Ohio Sen. Sherrod Brown vowed to be the “most pro-union candidate” in the presidential race Saturday during a swing through casino-gilded Las Vegas, where Culinary workers met him in the shadow of the Strip.
The possible presidential contender said he won’t make a decision about entering the 2020 race until late March. But the Democrat offered a glimpse of what a Brown presidency would look like: The three-term senator said his first act as the nation’s commander in chief would be to pool corporate leaders in the Oval Office for a discussion about how much they pay their lower-level employees or contracted workers.
He suggested $15 an hour would be a good starting point for the minimum wage.
“For a change, we will have a government on the side of workers, not a government on the side of corporations,” Brown said.
His pitch drew applause from the dozens of union members gathered at the Culinary Workers Union Local 226 headquarters. The Culinary Union represents roughly 60,000 workers in Las Vegas and Reno, many of whom work in casinos as cooks, housekeepers or service workers. In other words, the group was a prime audience for Brown’s “Dignity of Work” tour, which has made stops so far in Iowa and New Hampshire as the Ohio native explores a presidential bid.

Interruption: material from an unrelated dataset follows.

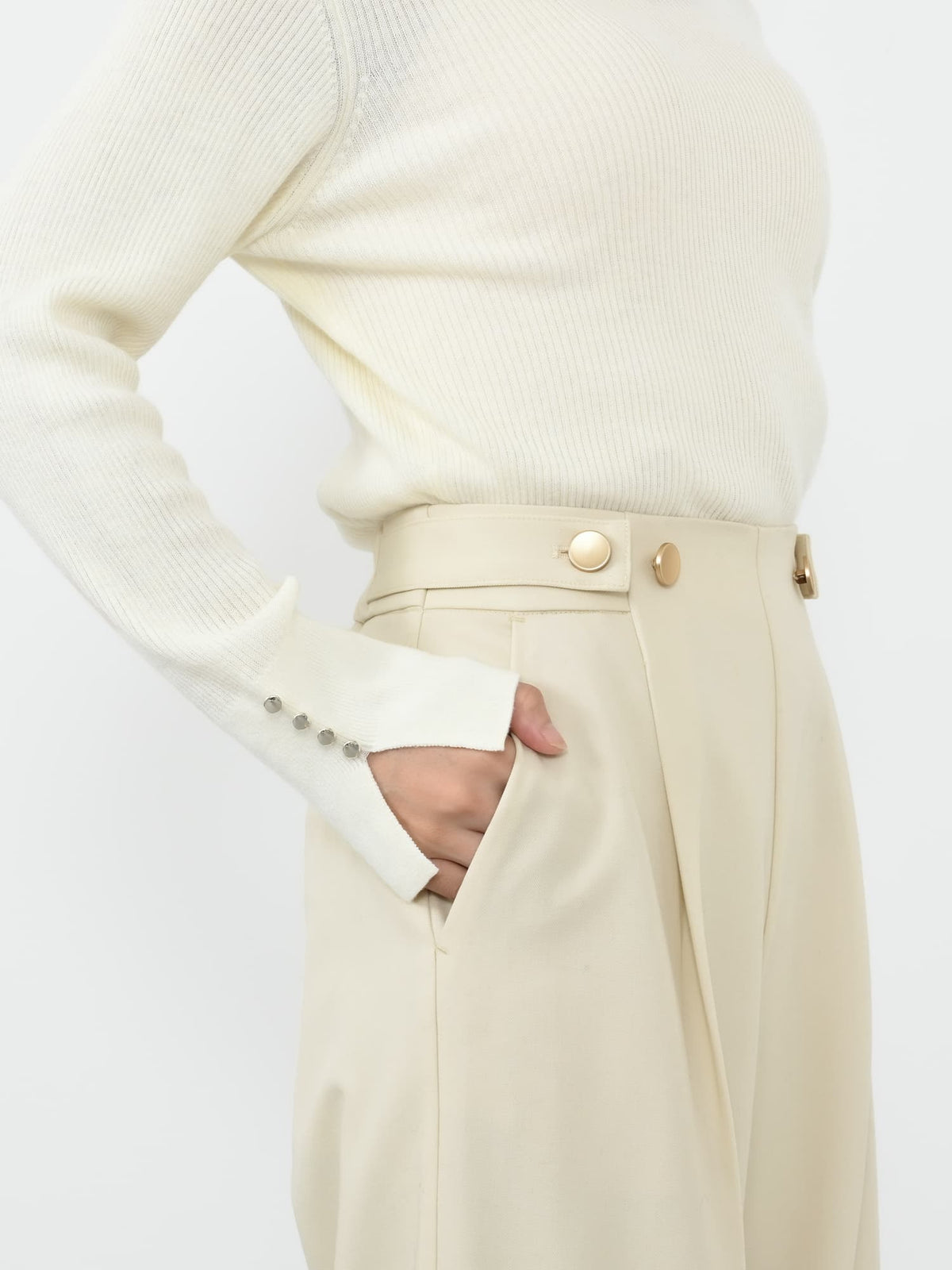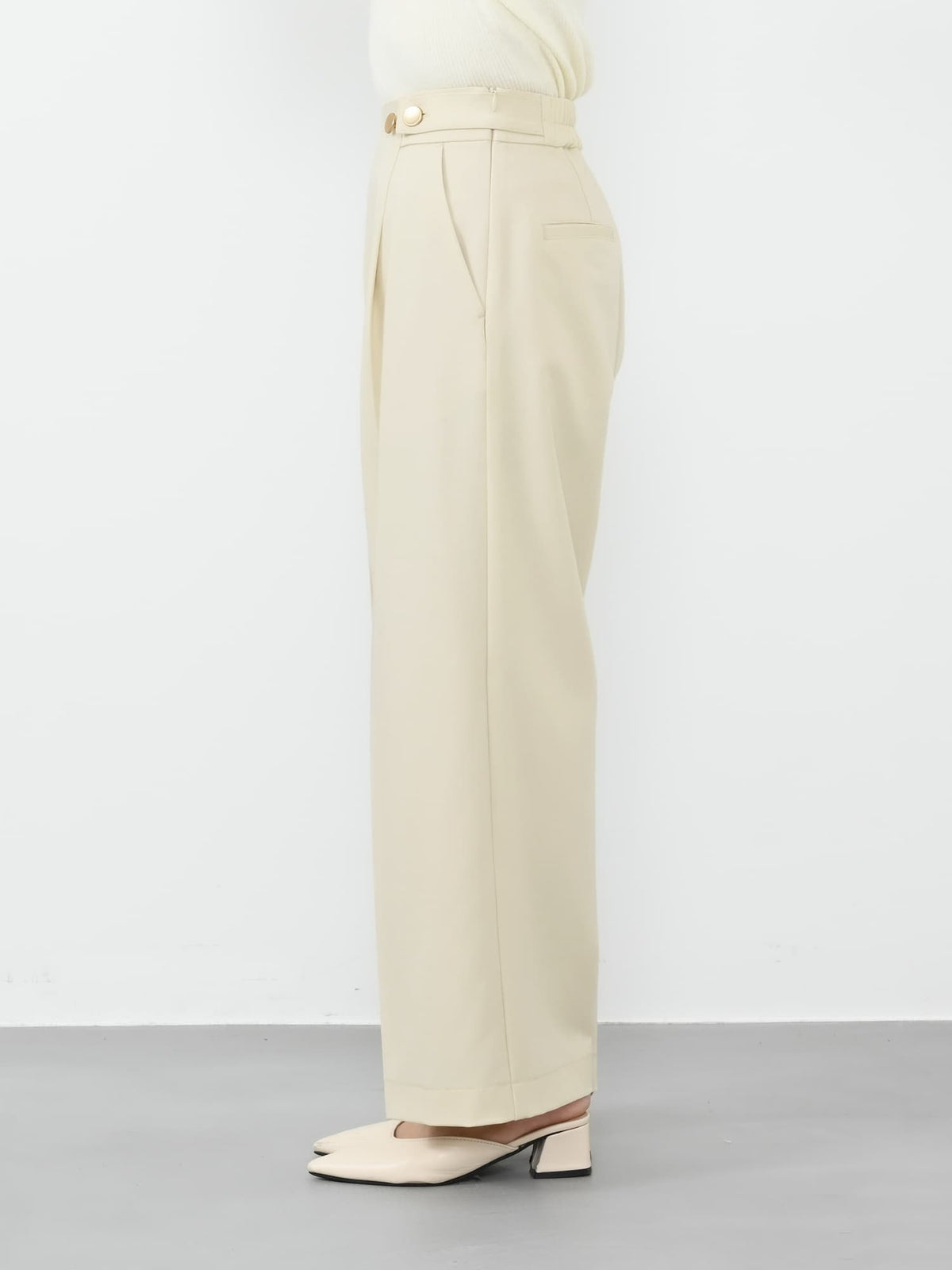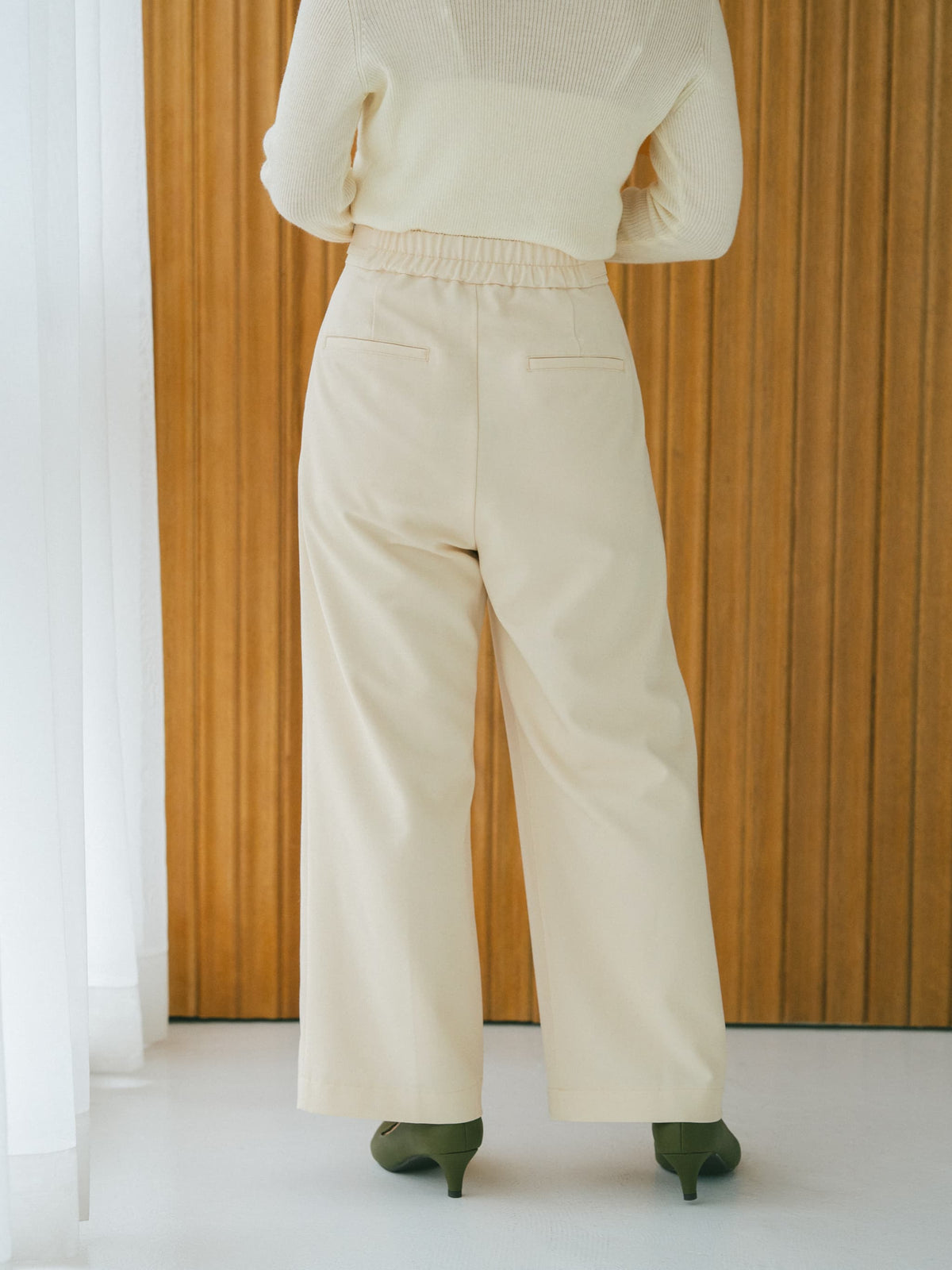 ※こちらが実物のカラーに一番お色味が近くなっております。(アイボリー)<br>143cm | B:73 W:60 H:81 股下:65  | short-XS着用(ヒールの高さ: 3.5cm)

Brown said he would be giving Station Casinos executives a call to discuss labor unions. The Las Vegas-based casino company has been fighting a National Labor Relations Board order for Green Valley Ranch to negotiate contracts with the Culinary Union.
“I plan to say that you should come to the bargaining table, as I say to companies in Ohio,” he said.
His Nevada visit also included a fundraiser at Lovelady Brewing in Henderson and a question-and-answer session with Nevada residents Saturday night in downtown Las Vegas. Brown used the trio of events as an introduction of sorts to Nevada residents, who live 2,000-some miles from the state he represents. He joked about his gravelly voice, lobbed praise on his wife, Connie Schultz, a Pulitzer Prize-winning columnist, and talked about how his daughter practices immigration law.
But the bulk of his message boiled down to making the United States livable for the average worker — whether it be a manufacturing employee in northeast Ohio or a casino worker in Las Vegas. It followed a similar narrative that he’s deployed throughout his political career in Ohio, where he started as a state lawmaker before becoming secretary of state, a member of the House of Representatives and, now, a senator. In November, he won re-election by nearly 7 percentage points in a state that swung toward President Trump in 2016.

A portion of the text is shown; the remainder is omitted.